■ Aim of the task
Please keep to the lines below from the one with "Now, you have" through the one with "Ingeborg Beugel tijdens", and restate them word for word, ends included.

■ Supplied material
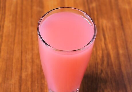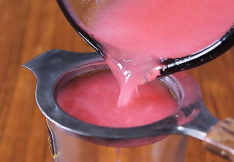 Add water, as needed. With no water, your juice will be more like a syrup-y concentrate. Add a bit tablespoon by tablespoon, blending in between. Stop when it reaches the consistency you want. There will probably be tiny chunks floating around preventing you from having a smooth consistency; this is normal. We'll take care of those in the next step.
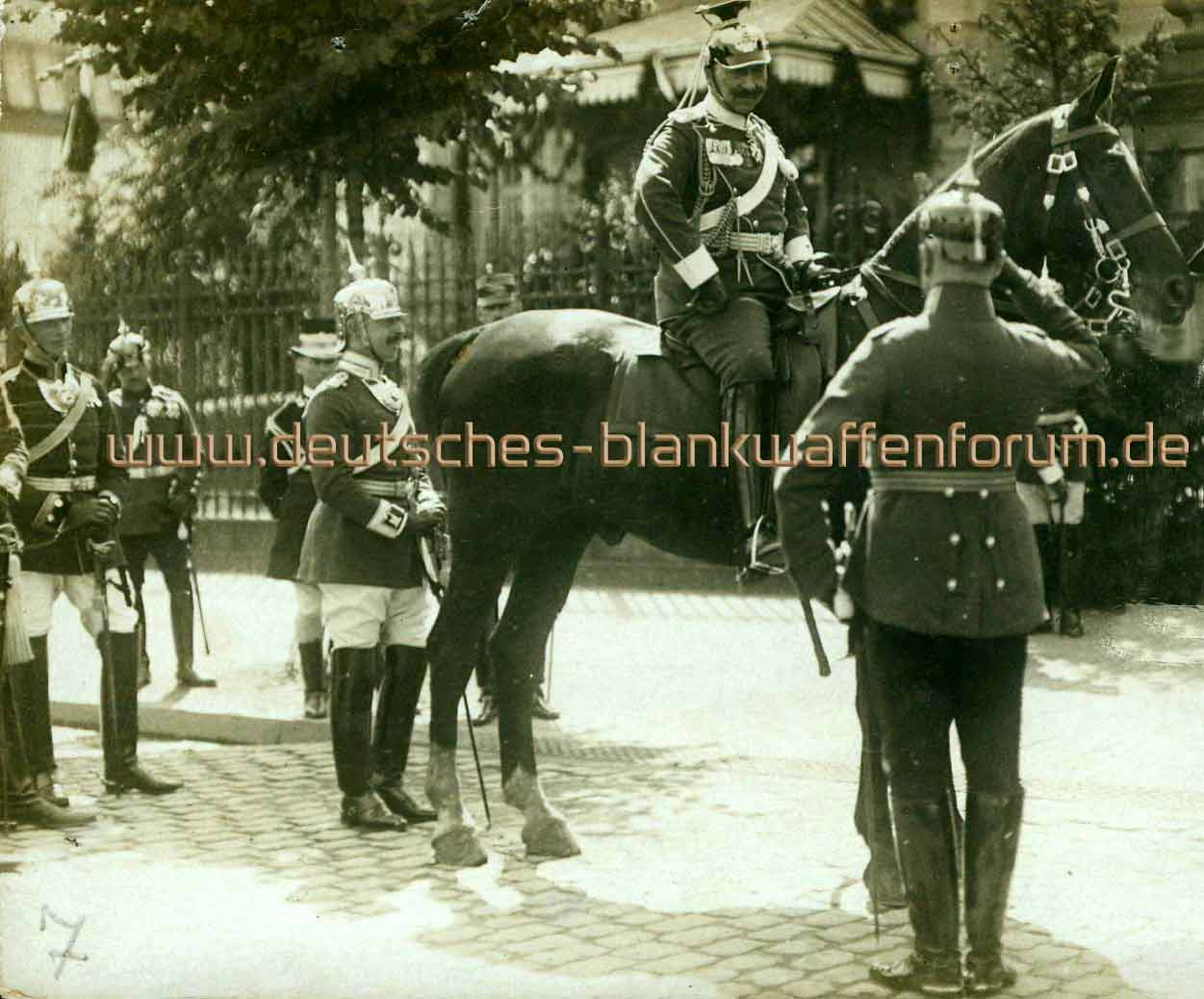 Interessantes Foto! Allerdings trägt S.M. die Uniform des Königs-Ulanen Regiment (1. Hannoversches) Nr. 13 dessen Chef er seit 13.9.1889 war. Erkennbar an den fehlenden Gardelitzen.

==

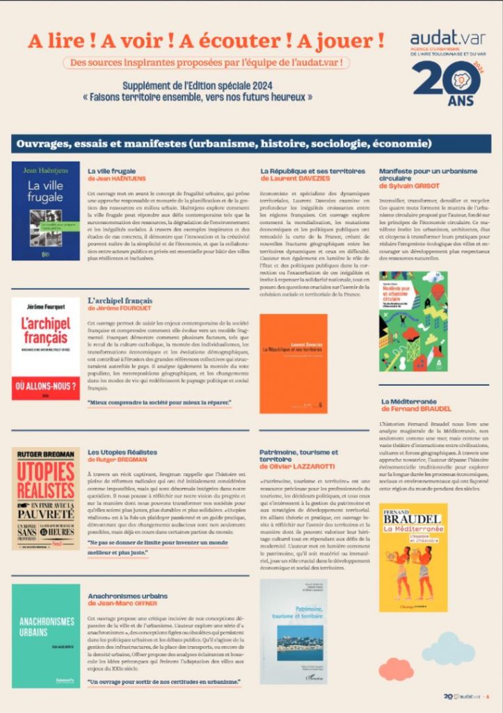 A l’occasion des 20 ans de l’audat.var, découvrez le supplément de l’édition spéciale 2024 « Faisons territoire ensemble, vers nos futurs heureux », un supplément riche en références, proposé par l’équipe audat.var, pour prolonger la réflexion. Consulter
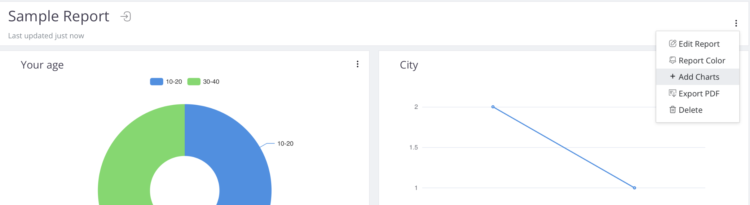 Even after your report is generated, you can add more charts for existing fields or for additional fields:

==

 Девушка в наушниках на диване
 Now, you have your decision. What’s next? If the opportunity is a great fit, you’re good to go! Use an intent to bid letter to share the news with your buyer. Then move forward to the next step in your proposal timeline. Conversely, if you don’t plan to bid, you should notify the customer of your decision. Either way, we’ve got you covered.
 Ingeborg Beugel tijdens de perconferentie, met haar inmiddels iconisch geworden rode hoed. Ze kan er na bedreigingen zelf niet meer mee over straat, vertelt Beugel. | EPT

■ Answer space
 Now, you have your decision. What’s next? If the opportunity is a great fit, you’re good to go! Use an intent to bid letter to share the news with your buyer. Then move forward to the next step in your proposal timeline. Conversely, if you don’t plan to bid, you should notify the customer of your decision. Either way, we’ve got you covered.
 Ingeborg Beugel tijdens de perconferentie, met haar inmiddels iconisch geworden rode hoed. Ze kan er na bedreigingen zelf niet meer mee over straat, vertelt Beugel. | EPT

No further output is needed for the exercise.